Tue, 16 June 2026, 10:01

Jun.16 (GMM) Oscar Piastri admits he has no explanation for his increasingly difficult run of form alongside McLaren teammate Lando Norris.

While Norris at least managed to take the fight to the dominant Mercedes cars in Barcelona, Piastri endured another anonymous weekend and was left baffled by the extent of the performance gap between the two sides of the garage.

“Do I understand why I’m behind Lando? No, not really,” the Australian admitted. “I tried a lot of different setups and encountered various issues.”

Piastri acknowledged that Norris extracted much more from the McLaren package throughout the Spanish GP weekend. “Lando was able to give Mercedes a run for their money in the race,” he said.

The Australian believes McLaren is increasingly being forced beyond its comfort zone in the search for performance. “We’re constantly missing a tenth or two of a second.

“Or, in my case, much more. When you’re trying to find the last bits of speed, the car starts to feel a bit uneasy.

“We have to push it into a range it doesn’t really like to work in.
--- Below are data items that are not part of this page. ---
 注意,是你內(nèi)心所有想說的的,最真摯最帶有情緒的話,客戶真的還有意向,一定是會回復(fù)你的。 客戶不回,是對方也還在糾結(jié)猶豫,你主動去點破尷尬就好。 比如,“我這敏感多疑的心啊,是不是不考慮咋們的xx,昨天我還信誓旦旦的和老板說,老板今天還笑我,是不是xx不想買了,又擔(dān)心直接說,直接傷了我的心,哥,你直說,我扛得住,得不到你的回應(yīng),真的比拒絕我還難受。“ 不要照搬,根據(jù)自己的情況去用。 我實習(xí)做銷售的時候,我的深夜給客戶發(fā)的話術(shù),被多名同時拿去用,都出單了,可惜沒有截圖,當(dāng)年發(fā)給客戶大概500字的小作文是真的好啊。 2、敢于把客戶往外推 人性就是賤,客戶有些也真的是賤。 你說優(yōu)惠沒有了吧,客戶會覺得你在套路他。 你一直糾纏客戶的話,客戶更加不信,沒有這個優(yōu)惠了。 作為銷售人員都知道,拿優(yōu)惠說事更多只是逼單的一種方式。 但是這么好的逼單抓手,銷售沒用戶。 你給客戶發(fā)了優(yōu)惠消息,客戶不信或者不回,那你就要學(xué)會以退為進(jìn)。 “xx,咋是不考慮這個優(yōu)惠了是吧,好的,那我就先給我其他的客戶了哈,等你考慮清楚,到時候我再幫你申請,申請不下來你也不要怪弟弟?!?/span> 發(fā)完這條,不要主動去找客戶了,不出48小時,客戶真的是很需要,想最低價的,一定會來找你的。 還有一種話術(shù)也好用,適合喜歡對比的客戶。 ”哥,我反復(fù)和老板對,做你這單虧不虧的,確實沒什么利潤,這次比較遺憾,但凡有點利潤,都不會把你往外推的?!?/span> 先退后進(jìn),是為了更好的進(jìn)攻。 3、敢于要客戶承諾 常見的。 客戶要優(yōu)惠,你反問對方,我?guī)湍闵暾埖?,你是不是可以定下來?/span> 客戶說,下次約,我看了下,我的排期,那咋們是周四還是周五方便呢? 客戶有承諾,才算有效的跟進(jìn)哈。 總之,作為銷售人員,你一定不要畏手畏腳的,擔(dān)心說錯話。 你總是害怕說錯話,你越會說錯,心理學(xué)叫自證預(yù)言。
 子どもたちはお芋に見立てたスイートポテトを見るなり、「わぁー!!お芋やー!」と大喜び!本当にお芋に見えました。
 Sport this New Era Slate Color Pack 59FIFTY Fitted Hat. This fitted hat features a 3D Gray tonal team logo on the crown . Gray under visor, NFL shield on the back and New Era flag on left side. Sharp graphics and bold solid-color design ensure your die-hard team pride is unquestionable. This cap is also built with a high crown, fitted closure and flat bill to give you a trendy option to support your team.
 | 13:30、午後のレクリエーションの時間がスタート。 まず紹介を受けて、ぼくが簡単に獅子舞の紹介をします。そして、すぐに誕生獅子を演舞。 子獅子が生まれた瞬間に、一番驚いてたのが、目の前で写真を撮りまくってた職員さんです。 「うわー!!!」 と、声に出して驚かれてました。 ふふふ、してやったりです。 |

And that inevitably creates additional complications.”

The struggles have not gone unnoticed.

2016 world champion Nico Rosberg believes Piastri’s reputation in the paddock is beginning to suffer – having soared to the role of title favourite at some point just a year ago.

“Not going too well for him as of late,” Rosberg told Sky. “His market value has taken a bit of a plunge in the last weeks and months.

“With these new regulations, new cars, Oscar is not feeling too comfortable yet. But it’s a bit strange and he really needs to work on that now because he’s falling down.”

Another former champion, Jacques Villeneuve, sees the current trend as a continuation of a decline that began during the second half of last season.

“Halfway through the season he was the talk of the paddock,” Villeneuve said.

“Like it’s great they signed him because he showed it in Formula 3, Formula 2 – amazing. And then he collapsed, and his form went down, and he hasn’t recovered. It’s really odd.

“And nobody’s talking about him anymore,” the 1997 title winner added. “And that’s in the space of what? Like six months? Even less.”

Villeneuve said Formula 1 quickly forgets past achievements.

“You’re only as good as your last race,” the Canadian insisted. “That’s what’s tough with sports – unless you’re Lewis and you’ve won so many championships and so on. Then, ok, there’s something you can lean on.

“But otherwise, two, three bad races, and ok, move on.”